Ma è vero che portano la cresima alla 5a elementare con la Prima Comunione? Cos’è questa storia che i genitori devono fare catechismo? E dopo la cresima che si fa? C’è molto chiacchiericcio in giro e poca informazione. Per sapere qualcosa di più sulla sperimentazione circa l’itinerario di iniziazione cristiana dei fanciulli e dei ragazzi avviata quest’anno dalla Diocesi di Rimini abbiamo intervistato don Tarcisio Giungi, Vicario per la Pastorale.
“La sperimentazione nasce anzitutto dal prendere coscienza che, come diceva molti secoli fa Tertulliano, “cristiani non si nasce, ma si diventa”. Questo a parole è compreso da tutti, ma si fatica a prendere atto che – se mai lo è stato – non è più il tempo in cui essere italiani equivaleva ad essere cristiani. La società è cambiata e quello che un tempo poteva andare bene oggi non va più bene. Si tratta quindi di un ripensamento dell’intera iniziazione cristiana, a partire dal Battesimo”.

Quali sono i punti principali in questa ipotesi di sperimentazione?
“Come in molte diocesi italiane che prima di noi hanno avviato una sperimentazione, e come gli stessi vescovi ci suggeriscono nelle tre note sull’iniziazione cristiana, ci sono alcuni punti fermi che sono desunti dal percorso dell’antico catecumenato, ovviamente adattati alla nostra situazione che è ben diversa da quella della Chiesa dei primi secoli: il primato dell’evangelizzazione, un vero e proprio itinerario di fede con tappe e riti liturgici, il coinvolgimento dell’intera comunità e soprattutto dei genitori, la celebrazione unitaria della Cresima e della prima Comunione, un cammino dopo la celebrazione dei sacramenti che aiuti a viverne la portata, un’attenzione ed un accompagnamento personale”.

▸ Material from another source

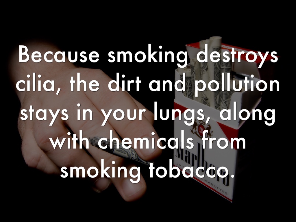 Because smoking destroys cilia, the dirt and pollution stays in your lungs, along with chemicals from smoking tobacco.
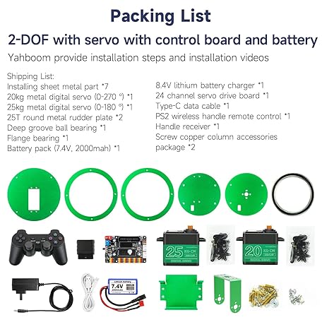 Thông tin sản phẩm Yahboom 2-DOF Servo Pan-Tilt Kit for DIY Robot, Electric Platform with Metal Servo, Accessories for Camera or Robot Arms Bracket (2DOF Metal servo with Control Board and Handle)

Quale cammino di riflessione ha portato a queste scelte?
“Da diversi anni anche nella nostra diocesi si sta riflettendo sulla reale efficacia del percorso di iniziazione cristiana. Un problema di fondo è che si è sempre confuso un insieme di incontri di catechesi con il percorso che conduce ad essere cristiani. Già nel “documento di base” della catechesi in Italia, che risale al 1970, si parla di “catechismi per la vita cristiana”, per marcare la differenza rispetto al “catechismo della dottrina cristiana”, il cosiddetto catechismo di Pio X. In altri termini, ormai da oltre 40 anni si è convinti, almeno nei documenti, che la catechesi non può essere isolata, quasi che da sola possa portare il peso dell’iniziare alla vita di fede; al contrario, essa è uno dei momenti di un articolato percorso di iniziazione, fatto anche di liturgia, di vita ecclesiale, di impegno nella carità, che conduce alla vita secondo il Vangelo.
Se tutto questo è sullo sfondo, l’occasione immediata per iniziare un ripensamento globale sulla iniziazione cristiana è stata la quattro giorni dei preti a Loreto, nel novembre 2010, sul tema Famiglia e iniziazione cristiana.”

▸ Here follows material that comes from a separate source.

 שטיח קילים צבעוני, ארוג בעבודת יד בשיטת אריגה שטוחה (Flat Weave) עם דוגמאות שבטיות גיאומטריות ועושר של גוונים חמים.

Si è parlato di celebrazione unitaria della Cresima e della prima Comunione: non c’è così il rischio di una svalutazione del sacramento della cresima?

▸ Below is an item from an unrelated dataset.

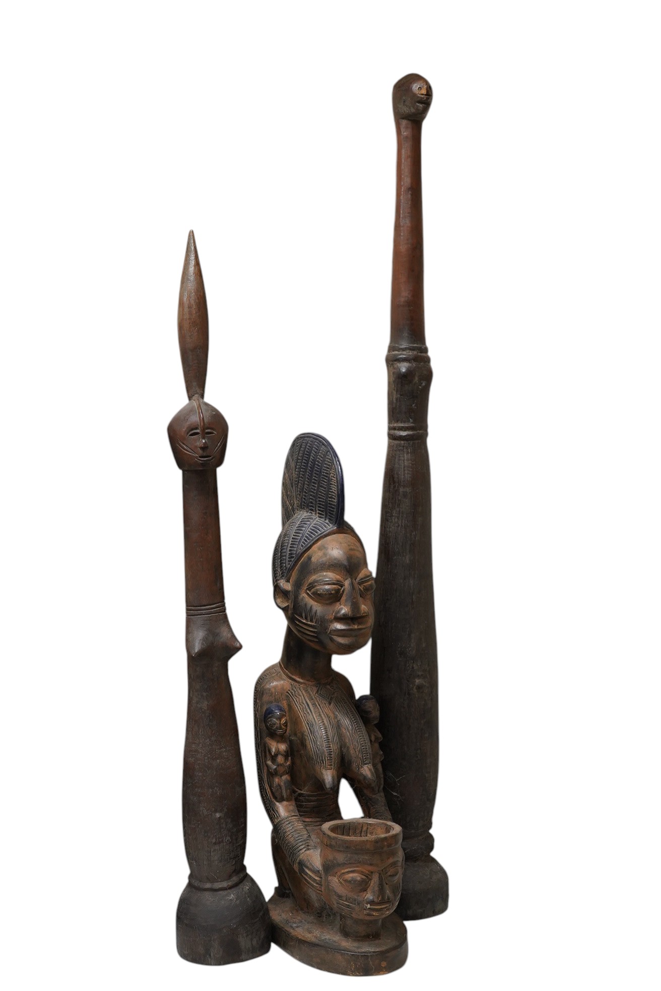 A large West African carved wood kneeling figure and two tribal poles, largest 120cm high

“Non si può partire dal problema della celebrazione dei sacramenti, altrimenti si riduce l’iniziazione cristiana ad una sorta di ingegneria pastorale. La data e le modalità della celebrazione dei sacramenti sono solo un aspetto, anche se importante. Per quanto riguarda la Cresima, credo che purtroppo sia già abbastanza svalutata. Infatti essa è strettamente legata al Battesimo e, staccata come significato da esso, risulta povera. Nei secoli si è parlato via via di sacramento della maturità cristiana, che ci rende soldati di Cristo, che ci conferma negli impegni del Battesimo ecc. Ma si capisce benissimo che sono delle pezze. Al contrario, per valorizzare il secondo sacramento (perché così è) è necessario mostrarne lo stretto legame col Battesimo e con l’Eucaristia, che costituisce il culmine dell’iniziazione cristiana”.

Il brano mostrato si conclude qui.